At the moment, validation is only possible with the schema retrieved from the Schema Registry using the
subject name. Waterstream refreshes schemas each ``VALIDATION_LATEST_SCHEMA_TTL_SECONDS`` seconds to check if a new
version exists. The last fetched schema is used for the validation.
If schema with the specified subject is not available, then all the messages in the corresponding MQTT topics
are considered invalid. If none of the patterns specified in ``mqttPattern`` matches the MQTT topic, then
Waterstream skips the validation and message is considered valid.

|

Validation expects the MQTT message body and Kafka message body to be in the JSON format. At the moment, it does not do any
conversion.

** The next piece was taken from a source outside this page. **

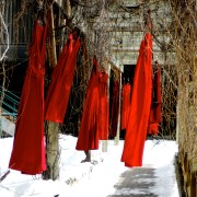 This photograph depicts an art display called The REDress Project at the National Museum of the American Indian. The artist, Jaime Black, created the REDress Project to draw attention to the nature of violent crimes against Native women, and to create a presence, through absence.

In particular, it does not add a magic byte and schema ID as the Avro serializers/deserializers for Kafka do.

|

Waterstream deals with invalid messages depending on the MQTT protocol version.
If an MQTT 3.x client publishes a message with an invalid body, it gets disconnected as there is no other error reporting mechanism in this version of MQTT.
Differently, MQTT 5 clients keep the connection even after the invalid message, as this version of MQTT has ability to report an error and gracefully reject a message.
If a client sends an invalid message with QoS 1 or 2 then it gets ``PUBACK`` or ``PUBREC`` respectively with an
error code ``0x83`` (implementation specific error).

|

The following is an example how the user can add validation for the particular MQTT topic:

#. Upload a schema to the Schema Registry:

.. code-block:: bash

    FOOBAR_SCHEMA='{"namespace": "io.waterstream.test",
                               "type": "record",
                               "name": "FooBarRecord",
                               "fields": [
                                   {"name": "count", "type": "int"},
                                   {"name": "message", "type": "string"}
                               ]
                           }'
    ESCAPED_SCHEMA=`echo ${FOOBAR_SCHEMA} | jq -RsaM`
    SCHEMA_WRAPPER="{\"schema\": ${ESCAPED_SCHEMA}}"

    curl -v -X POST <your_schema_registry_server>/subjects/${SUBJECT}/versions -H "Content-Type: application/json" -d "${SCHEMA_WRAPPER}"


2. Configure the Waterstream:

  - specify ``VALIDATION_SCHEMA_REGISTRY_URL`` to point to the schema registry server,
  provide credentials if needed,

  - map the MQTT topics to the validation schemas: ``VALIDATION_MQTT_TOPIC_SCHEMAS='[{"mqttPattern": "foo/bar", "subject": "foobar-value"}]'``,

  - re-start Waterstream.

3. Check that validation works, send sample messages to the ``foo/bar`` topic and check if they are being delivered.
  Such message should be delivered: ``{"count": 10, "message": "hello, validationn"}``, and such - rejected:
  ``{"message": "bye, validation"}``.